- **Exercise goal**
When writing out the entries below, keep only the lines from the line with "本套系統分為2個階段的固控處" to the line with "测硫仪专用三氧化钨含量99%煤定三氧化物250克500克 AR三氧化钨", both included, exactly as they are, and leave the pictures aside.

- **Exercise data**
::::::

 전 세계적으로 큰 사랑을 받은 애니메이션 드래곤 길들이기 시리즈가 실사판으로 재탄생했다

::::::

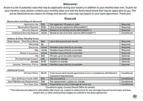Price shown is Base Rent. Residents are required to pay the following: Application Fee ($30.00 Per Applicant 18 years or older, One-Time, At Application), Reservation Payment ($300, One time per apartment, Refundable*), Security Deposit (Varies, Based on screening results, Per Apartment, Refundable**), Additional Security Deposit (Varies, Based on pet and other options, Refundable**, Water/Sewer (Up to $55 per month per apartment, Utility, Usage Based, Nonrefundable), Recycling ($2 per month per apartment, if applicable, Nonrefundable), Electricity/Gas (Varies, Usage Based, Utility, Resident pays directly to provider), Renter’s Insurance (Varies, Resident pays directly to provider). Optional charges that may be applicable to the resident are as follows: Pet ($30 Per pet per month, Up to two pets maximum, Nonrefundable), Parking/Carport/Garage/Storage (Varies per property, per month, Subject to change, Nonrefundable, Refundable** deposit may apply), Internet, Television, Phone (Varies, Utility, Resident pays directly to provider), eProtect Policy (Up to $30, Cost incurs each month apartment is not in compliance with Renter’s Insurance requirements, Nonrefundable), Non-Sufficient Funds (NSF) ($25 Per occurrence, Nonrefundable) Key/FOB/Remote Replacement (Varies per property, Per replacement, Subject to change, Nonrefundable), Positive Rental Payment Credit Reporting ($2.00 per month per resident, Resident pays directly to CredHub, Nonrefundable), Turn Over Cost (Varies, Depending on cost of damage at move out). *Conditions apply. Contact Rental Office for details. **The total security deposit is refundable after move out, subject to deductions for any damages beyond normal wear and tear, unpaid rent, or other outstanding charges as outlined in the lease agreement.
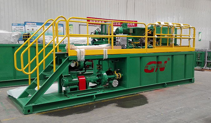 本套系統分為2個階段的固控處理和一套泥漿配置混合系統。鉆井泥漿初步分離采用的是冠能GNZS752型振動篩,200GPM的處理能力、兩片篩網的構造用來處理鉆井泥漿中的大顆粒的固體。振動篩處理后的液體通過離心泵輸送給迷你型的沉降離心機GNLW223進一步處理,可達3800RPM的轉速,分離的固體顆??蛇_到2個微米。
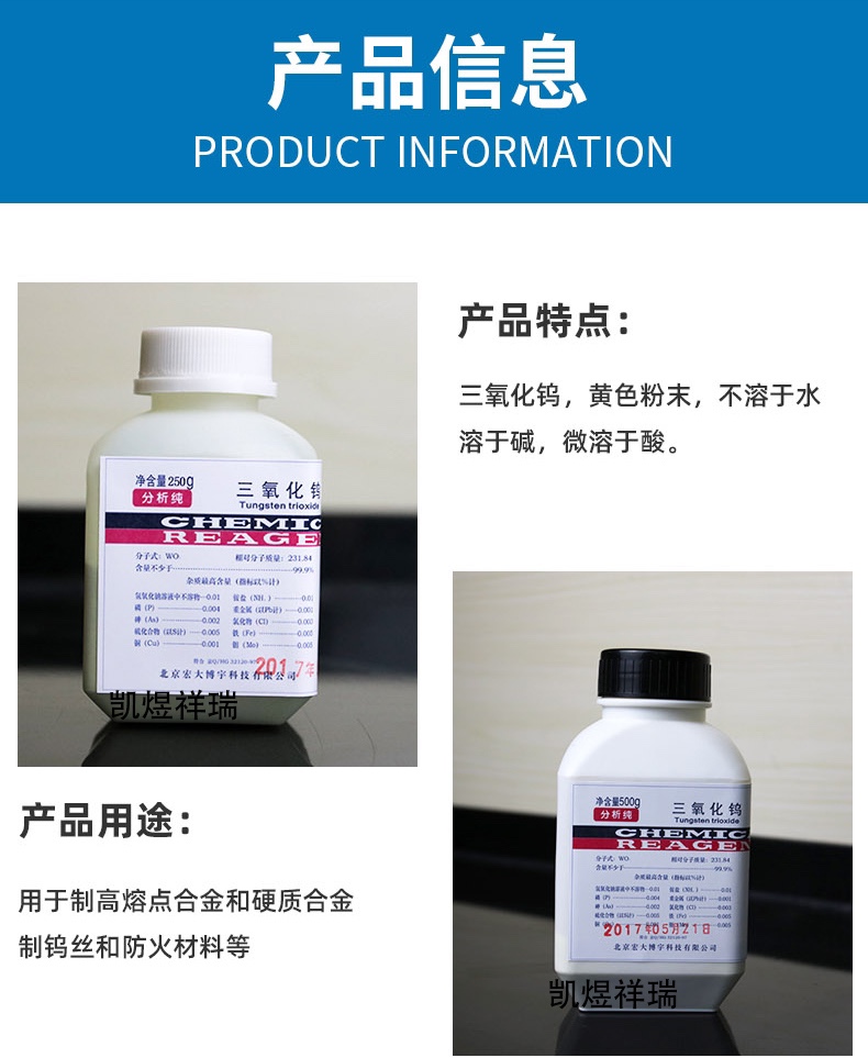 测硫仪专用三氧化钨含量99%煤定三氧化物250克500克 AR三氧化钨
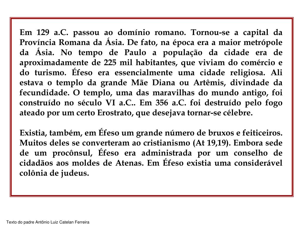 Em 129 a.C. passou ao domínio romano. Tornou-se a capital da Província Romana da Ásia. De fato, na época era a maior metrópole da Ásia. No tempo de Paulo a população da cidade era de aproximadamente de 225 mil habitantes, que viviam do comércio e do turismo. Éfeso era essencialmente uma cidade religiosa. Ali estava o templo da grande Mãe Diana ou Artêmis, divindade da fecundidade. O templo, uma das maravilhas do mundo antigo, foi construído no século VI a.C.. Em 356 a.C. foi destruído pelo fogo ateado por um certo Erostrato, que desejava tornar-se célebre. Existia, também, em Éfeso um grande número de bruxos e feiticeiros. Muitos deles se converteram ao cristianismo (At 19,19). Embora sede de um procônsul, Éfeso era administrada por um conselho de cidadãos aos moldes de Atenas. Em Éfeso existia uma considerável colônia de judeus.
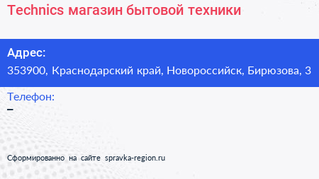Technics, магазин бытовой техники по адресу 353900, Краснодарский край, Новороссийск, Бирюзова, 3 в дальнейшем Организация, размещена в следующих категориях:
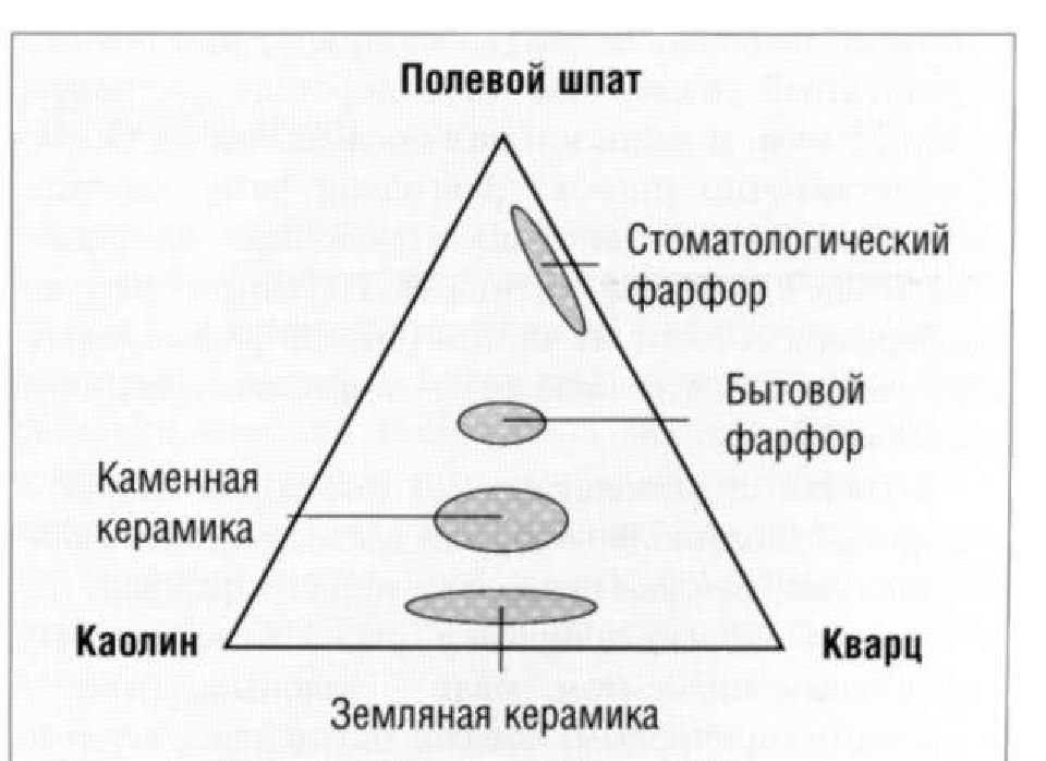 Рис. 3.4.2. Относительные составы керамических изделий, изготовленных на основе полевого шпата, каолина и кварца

::::::

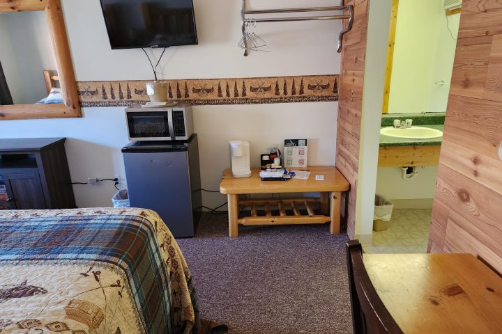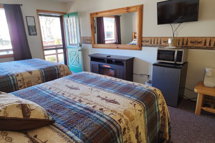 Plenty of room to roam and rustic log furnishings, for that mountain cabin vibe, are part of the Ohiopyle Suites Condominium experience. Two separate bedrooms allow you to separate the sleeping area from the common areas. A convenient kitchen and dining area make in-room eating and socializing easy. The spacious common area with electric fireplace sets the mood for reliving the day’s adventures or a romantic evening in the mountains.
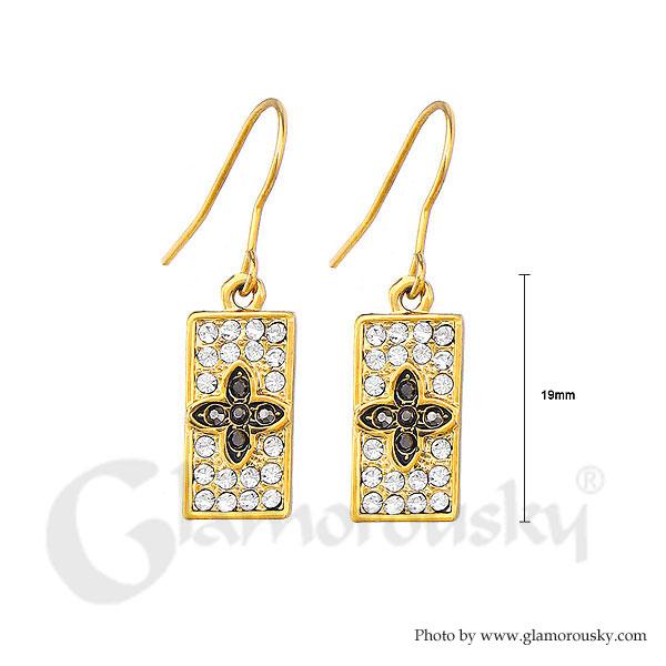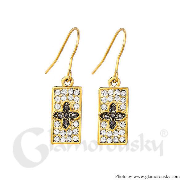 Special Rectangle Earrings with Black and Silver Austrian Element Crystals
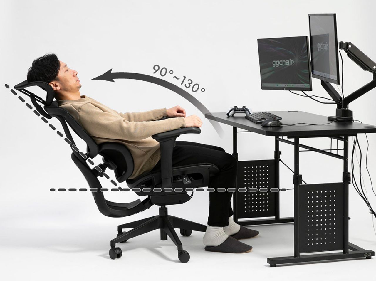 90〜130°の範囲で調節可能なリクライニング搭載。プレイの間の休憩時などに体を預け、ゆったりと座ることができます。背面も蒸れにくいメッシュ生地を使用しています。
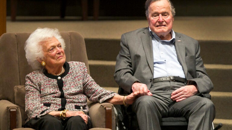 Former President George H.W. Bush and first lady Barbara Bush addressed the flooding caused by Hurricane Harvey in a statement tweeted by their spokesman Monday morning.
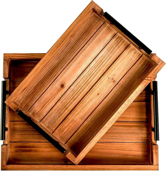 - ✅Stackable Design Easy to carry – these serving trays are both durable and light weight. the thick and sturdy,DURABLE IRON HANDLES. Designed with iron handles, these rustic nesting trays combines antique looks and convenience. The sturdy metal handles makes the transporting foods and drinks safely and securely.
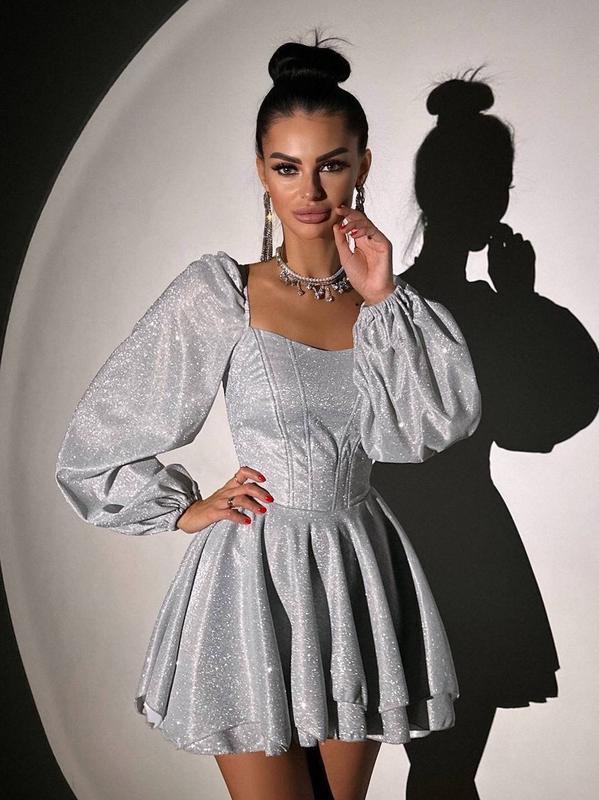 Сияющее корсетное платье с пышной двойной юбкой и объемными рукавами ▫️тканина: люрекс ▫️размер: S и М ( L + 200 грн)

::::::

- **Output**
 本套系統分為2個階段的固控處理和一套泥漿配置混合系統。鉆井泥漿初步分離采用的是冠能GNZS752型振動篩,200GPM的處理能力、兩片篩網的構造用來處理鉆井泥漿中的大顆粒的固體。振動篩處理后的液體通過離心泵輸送給迷你型的沉降離心機GNLW223進一步處理,可達3800RPM的轉速,分離的固體顆??蛇_到2個微米。
 测硫仪专用三氧化钨含量99%煤定三氧化物250克500克 AR三氧化钨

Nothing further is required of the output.